Среди пластинок – виниловых, теперь ставших почти реликтовыми, – Листа не было. Следы юности оказались не так уж и глубоки, в них прочитывались другие имена – Адамо, Легран, Высоцкий, Дассен… Они тоже легко уживались и в нем самом, и в его маленькой комнате, выкрашенной матерью в цвет персика. Наверное, ей хотелось, чтобы ее сыну спалось сладко, и сны его были радостными.
Теперь она ничего не могла поделать с тем, что ночами за ним является деревянный корабль без парусов, похожий на подгнивший гроб, который неумный шутник столкнул в воду. Никита подозревал, что сам и был этим шутником.
Выйдя из психиатрической больницы, он, ничуть не колеблясь, отправился к отцу. Его не оставляло ощущение, что пойти больше некуда, хотя знал, что и Таня, и дочка его ждут.

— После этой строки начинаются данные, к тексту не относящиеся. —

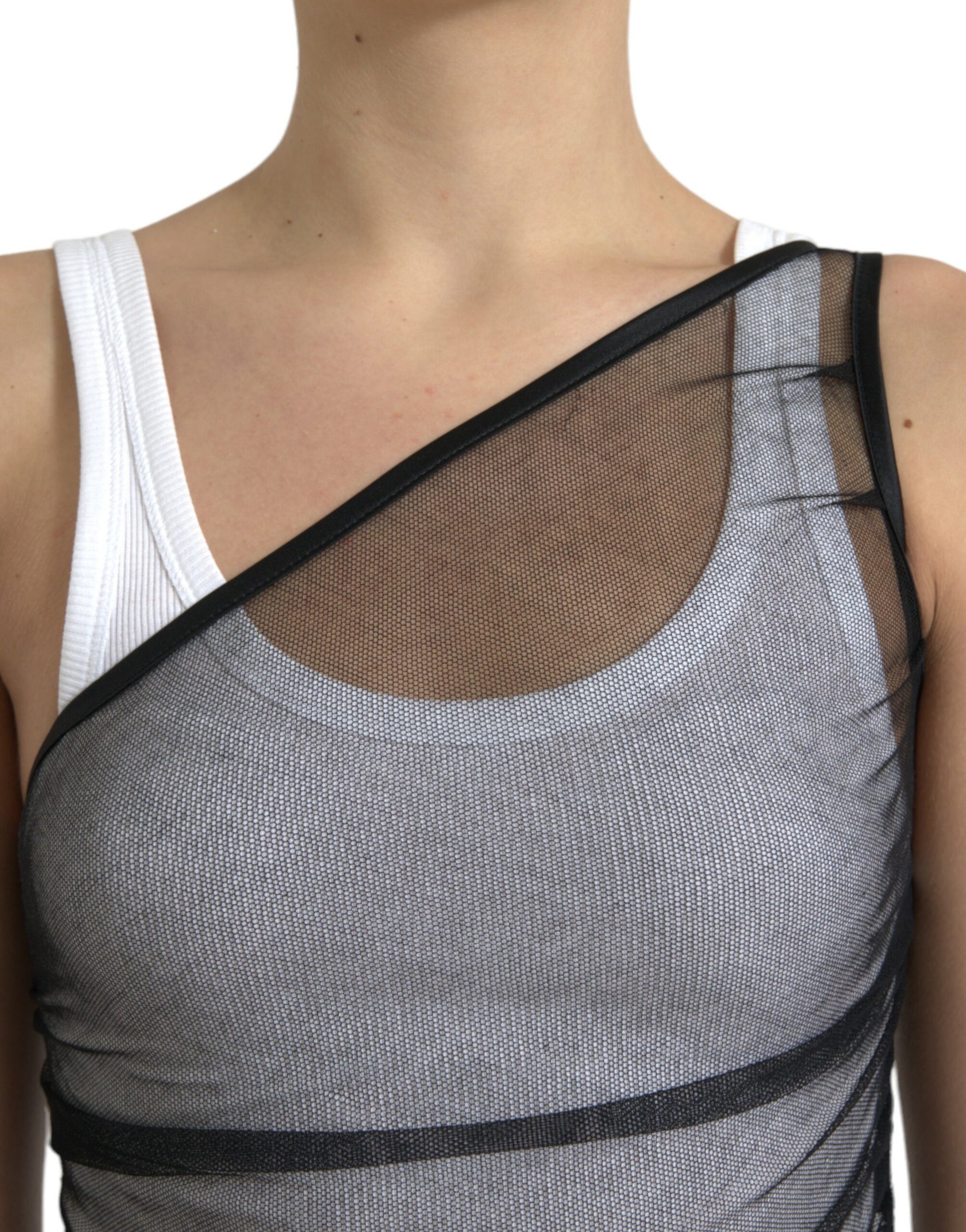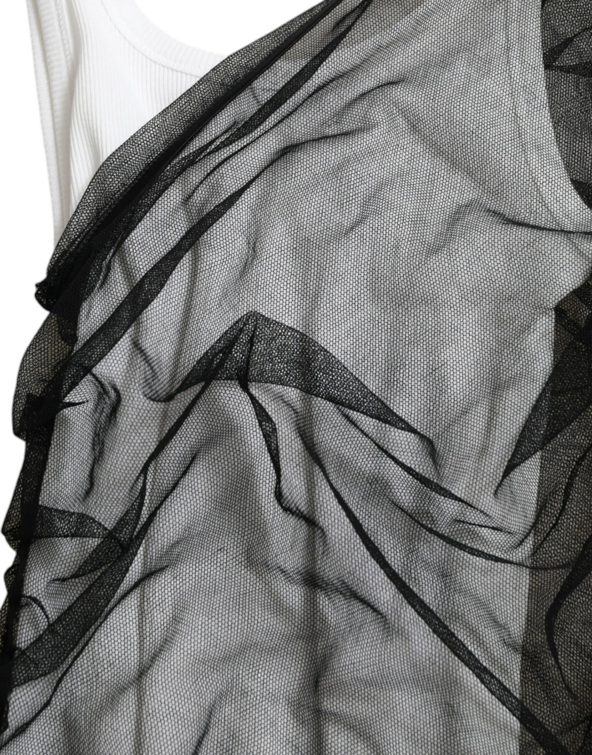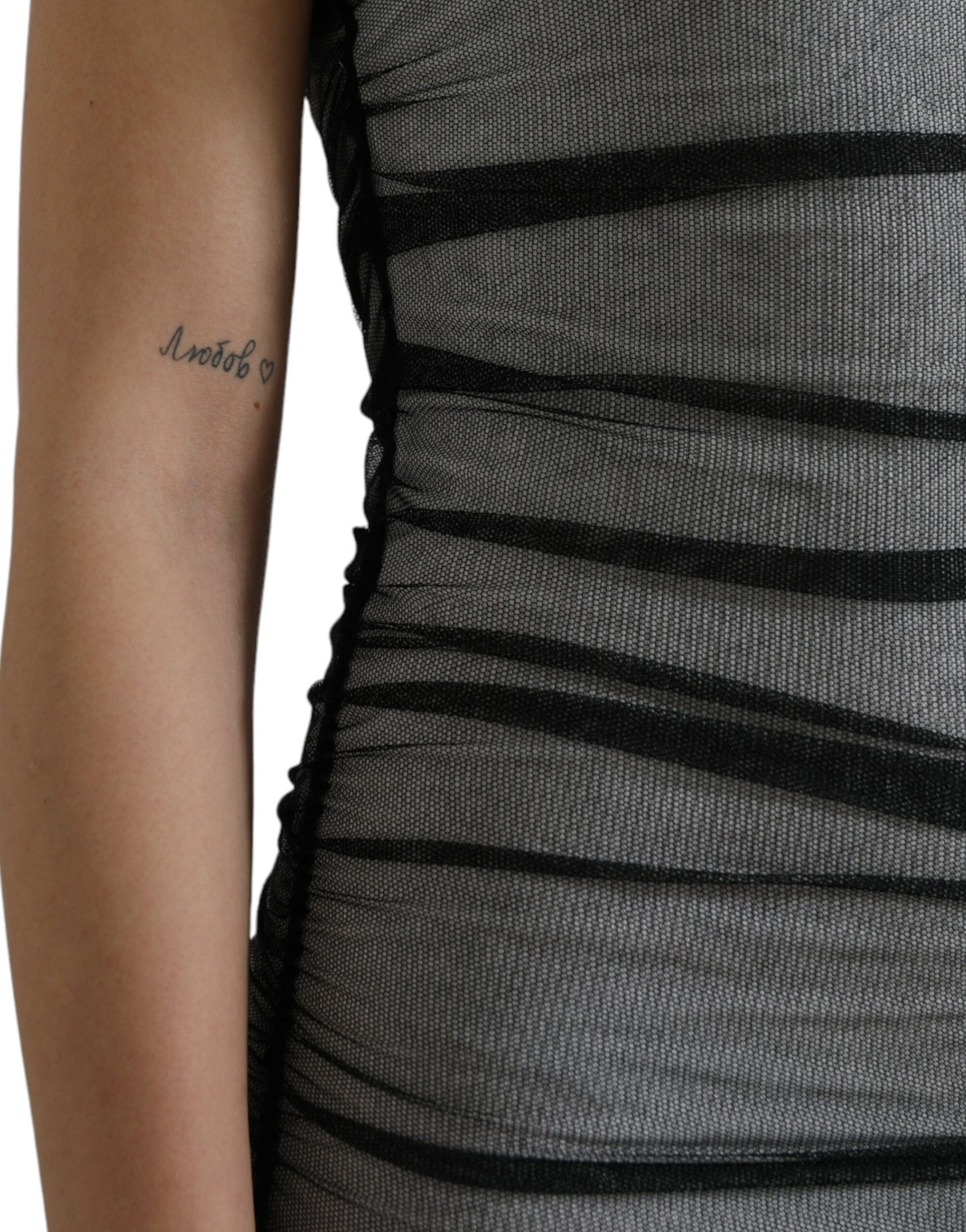 Discover the epitome of Italian chic with the stunning midi dress from Dolce & Gabbana. This beautiful sheer sleeveless bodycon dress exudes sophistication and glamour, making it the perfect choice for any high-end social event. Crafted from 100% pure cotton, the dress offers both comfort and unparalleled style. The black and white design is a timeless classic, while the logo details add a dash of iconic luxury.

А теперь, стоя босиком у темного окна, за которым стонал и рвался куда-то некто огромный и беспомощный в своей ярости, Никита и сам ощущал похожую беспомощность. Он растерянно спрашивал себя, что делает здесь, как удивлялся бы любой человек, обнаруживший среди ночи над собой не тот потолок, который привык видеть, открывая глаза.
Он подумал, что, должно быть, просто привязался к месту, как одна из тех кошек, что в невероятных количествах развелись в доме отца после смерти матери. То одна, то другая из кошек время от времени исчезала, и отец переживал эту очередную потерю так, будто рвалась еще одна ниточка, что связывала его с покойной женой. Он, не шутя, верил, будто кошки передают ей все, что вечерами выслушивают от него.
«Я не просто так сошел с ума, – хладнокровно решил Никита, добравшись мыслями до этих отцовских посиделок. – Это у нас, видимо, наследственное».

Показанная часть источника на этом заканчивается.